What To Do When Panic Feels Like The Only Option
I don’t know if it was a proper panic attack, but I sure as hell was panicking. And this terror sauce also had a dollop of rage mixed in for flavor—a delightful brew for my wife to witness. What tipped the domino that set my lizard brain afire? Technology not working like it was supposed to.
As you may be aware, I just launched a course. I had spent weeks, nay months getting all my automated sequences in order, so that when someone registered for my free workshop on Demio, their contact and webinar info would automatically be whisked into Kajabi, sending them down a prescribed email sequence so I could focus on more pressing matters.
Except, that’s not what was going on. In fact, none of my webinar attendees were “coming over'' to Kajabi, which forced me into some pre-Johannes Gutenberg world where I was manually transcribing names, webinar dates, and unique links, while kick-starting email sequences on my own. Madness!
“How did this happen?” I thought. “I was so prepared.”
Preparation is a funny thing. It’s a word that connotes omniscience. “If I’m prepared. I cannot be surprised,” we say. But anyone who has voluntarily progressed down the dark, unlit halls of their mind’s ideas knows that you cannot make a list of things that haven’t occurred to you.

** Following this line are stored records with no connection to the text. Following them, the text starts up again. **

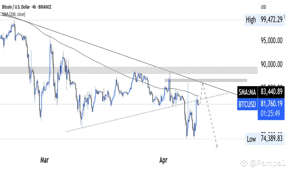 Current Structure: BTC is trading below resistance, forming lower highs—a sign of possible continued weakness.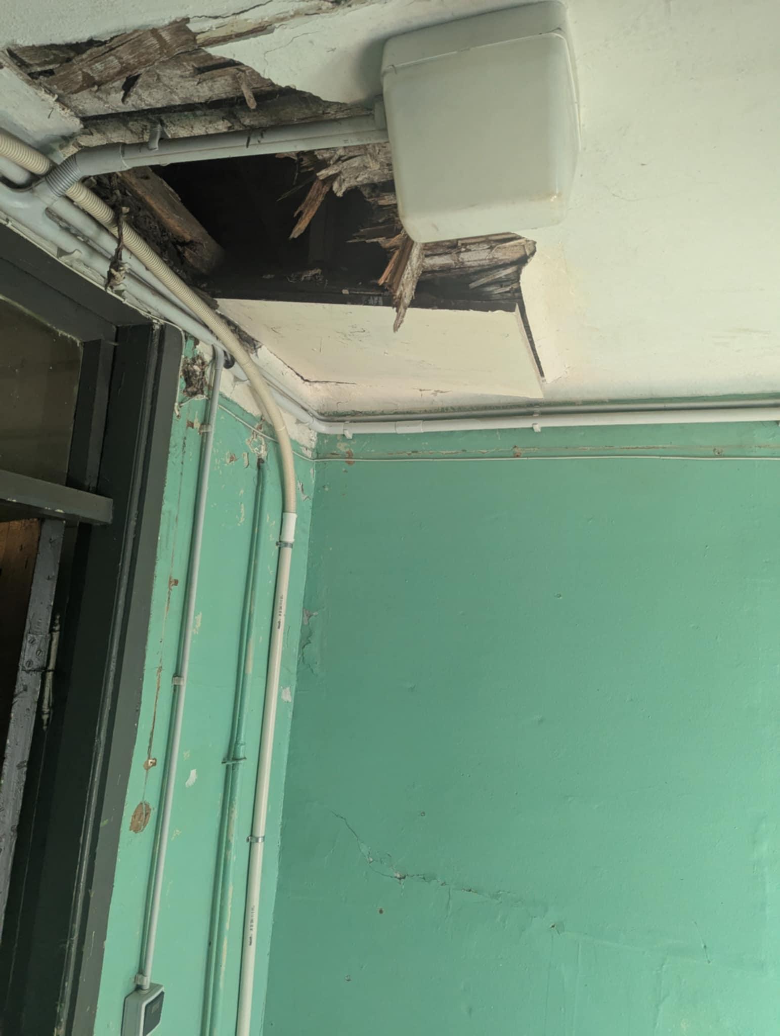 Kesklinna-Kadrioru piiril asuva 1910 aastal ehitatud Lenderi maja II korruse trepikoja kohal asuv vahelagi langes sisse ning vajab kiiresti parandamist.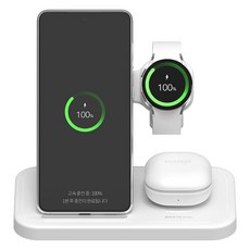 스카이 필 W55S 3in1 스마트폰 갤럭시워치 버즈 20W 고속 무선충전 스탠드, 폴라 화이트, 1개

It’s a literal impossibility.
This is the challenge of being a creator in the internet age.
We have umpteen ways to learn how to do something, but no matter how much knowledge we amass there is still that exposed gap of getting from here to there that we cannot avoid.

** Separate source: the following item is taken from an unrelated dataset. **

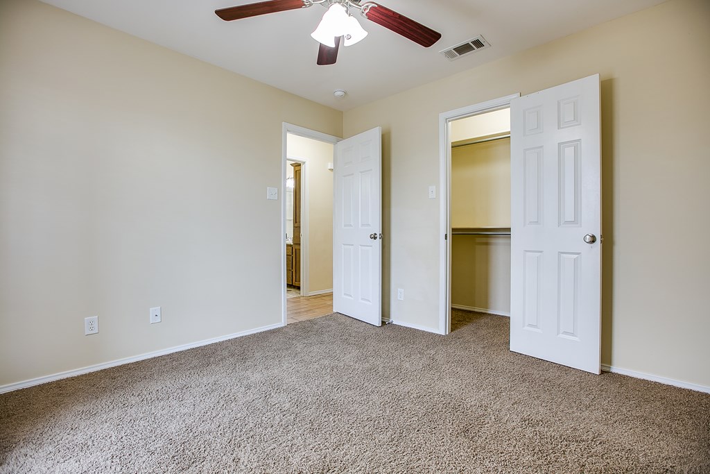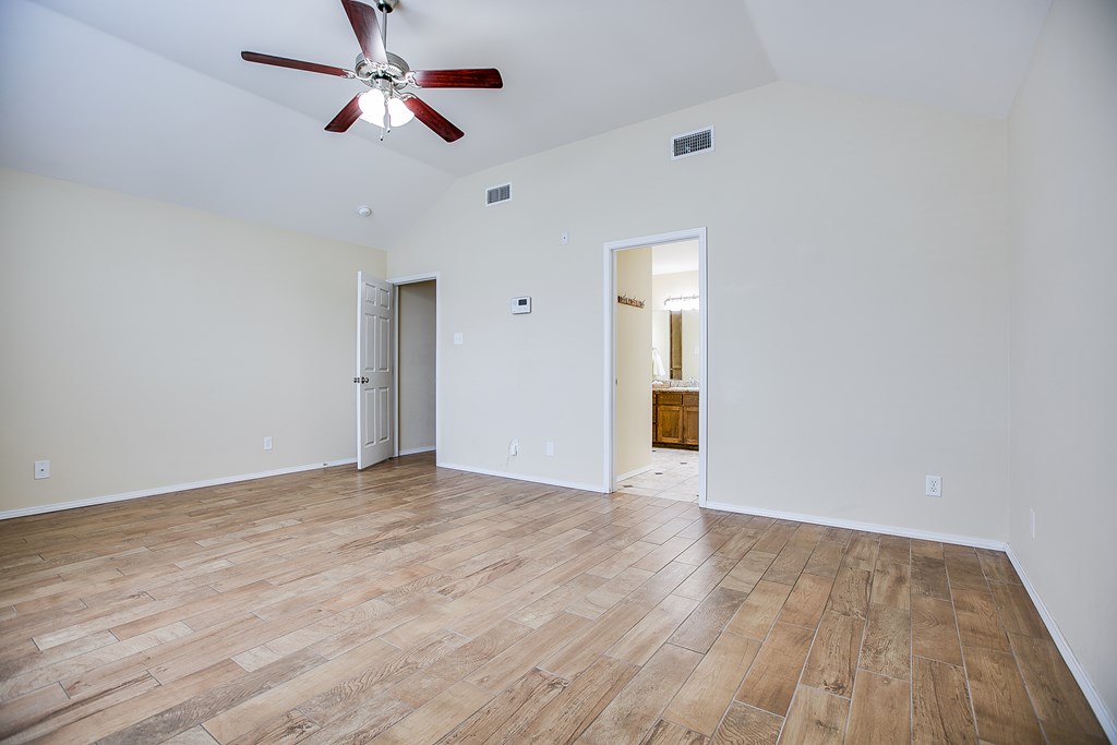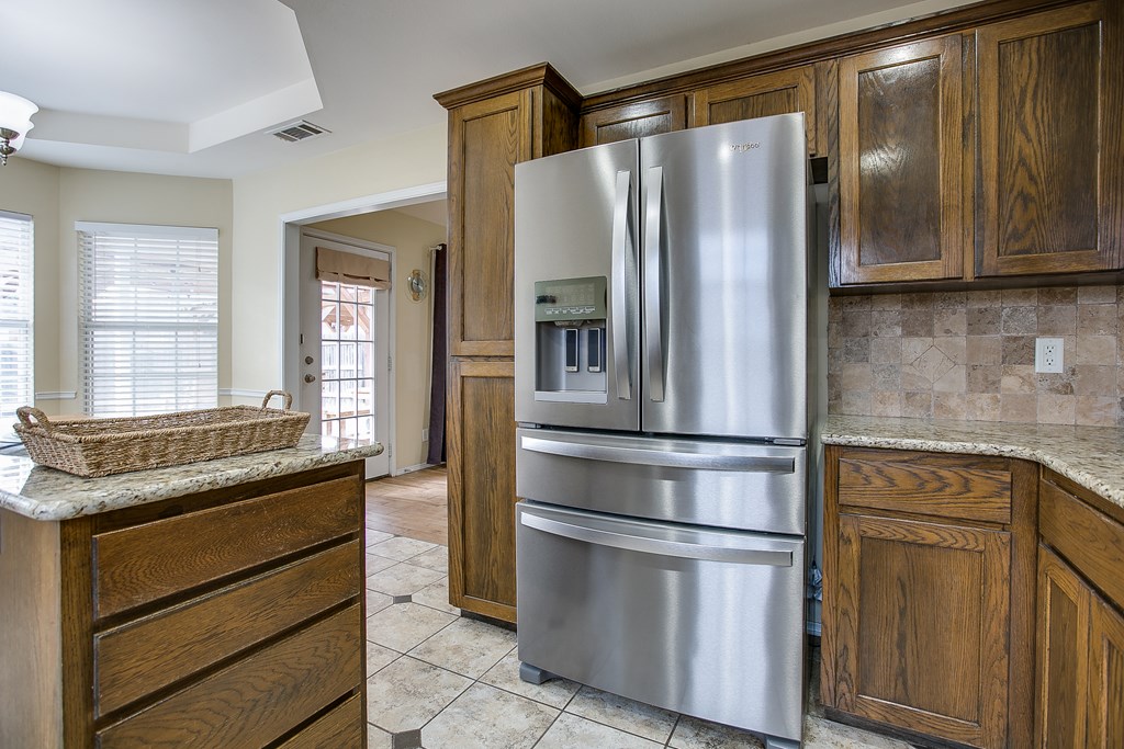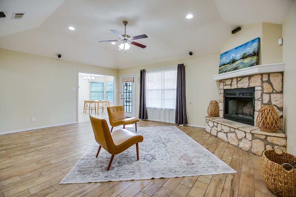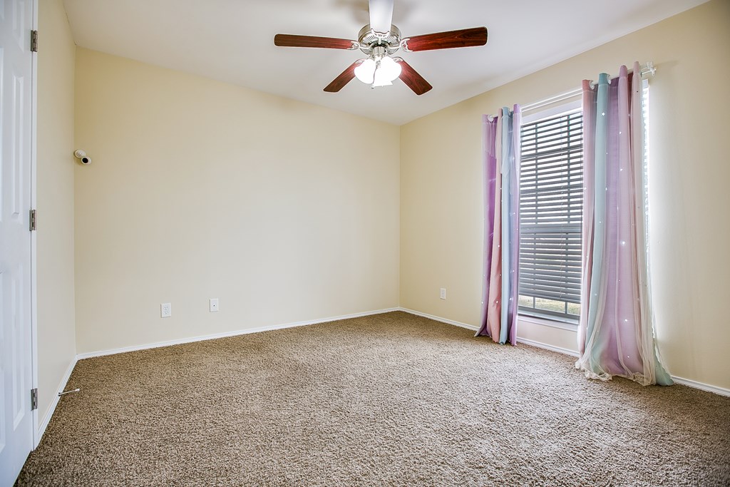 Move-in ready 3 bedroom, 2 bathroom single-family brick home built in 2013, located on a quiet street in the highly desirable southwest area of San Angelo, Texas. This well-maintained home features a split bedroom floor plan with a private primary suite, offering comfort and functionality. The open living area includes a cozy fireplace and flows into the kitchen and dining space, making it ideal for everyday living and entertaining. Enjoy a covered patio and fully fenced backyard with a privacy fence, perfect for outdoor relaxation. An oversized 300+ square foot carport provides ample covered parking and additional storage. Clean, cared for, and ready for immediate occupancy, this home offers a great combination of location, layout, and move-in ready condition. Separate vanities and closets coffered ceiling complete the vibe in the luxury owners' suite.  9 minutes to GAFB and 3 minutes to plentiful shopping opportunities place this awesome home in a premium location.

There is no teleportation.
There is no secret hyper loop pod that whisks you to your destination.
There is no hard worn path that guarantees safe passage.
No, creating is more like bushwhacking through a thicket of jungle in a loincloth and flip flops.
Welcome to your life at this exact moment. No one could have predicted it. It’s like setting sail for Lisbon only to find out that your GPS doesn’t work and you’re pretty sh!t at astronomy. Creating something out of nothing is always navigation by dead reckoning.
I re-learned this lesson when I was deep in the throes of my “Your platform is as useful as a chocolate teapot,” text barrage at Demio's chat support, before I changed tune and tried to be part of the solution. (Note: Being insufferable burns out its "empathy from others" quota in a flash, I can tell you.)
I’ll spare you the gory details but Demio did finally admit that it was an error on their end and they helped me migrate all my attendee data over to a new webinar whose automations worked correctly for all new signups.
So in the end, I “figured it out”; at least that recent iteration of “it.” No one figures it all out. Ever. And that’s what keeps things interesting—life always unfolding in ways we couldn’t have dreamt up.
An idealized future is not the same thing as a surefire plan to make it happen.
Your job is to prepare, not foretell.
When the surprises arise, you can mutter an f-bomb or three, then compose yourself and say, “There you are! Let’s get you sorted.”
Responding to the unexpected with humility and grit is success. In fact, it’s the only way through.